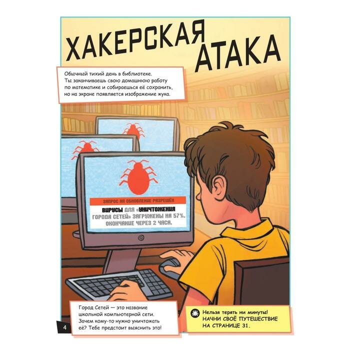 Хакерская атака. Желтая книга — самая смешная из серии. В ней есть компьютерные мокрицы, которых нужно перезапустить, тараканы, от которых приходится прятаться за дверью, оса, которая пытается сбросить тебя со своей спины и злобная учительница математики. Все события книги происходят в компьютерной сети, в которую читатели попадают через портал. В ходе приключений юные читатели знакомятся с азами математической статистики (в этом, кстати, им способен помочь словарь, размещенный в конце книги), а также учатся легко и непринужденно разбираться со всевозможными графиками и диаграммами.
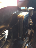 Som dere ser måtte jeg skjære ut litt på viftehuset for å få plass til den bredere oljekjøleren. Skal fabrikere og sveise på ny del i morgen.
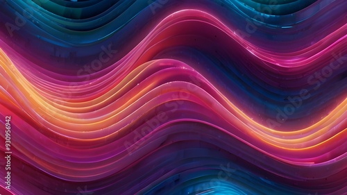 Holographic neon curved wave in motion. Pink wallpaper background. Holographic gradient Generative AI

### Exercise requirements
Reproduce word for word the lines running from the line with "Som dere ser" through the end of the data, both included, and nothing else; leave out the pictures.

### Task solution
 Som dere ser måtte jeg skjære ut litt på viftehuset for å få plass til den bredere oljekjøleren. Skal fabrikere og sveise på ny del i morgen.
 Holographic neon curved wave in motion. Pink wallpaper background. Holographic gradient Generative AI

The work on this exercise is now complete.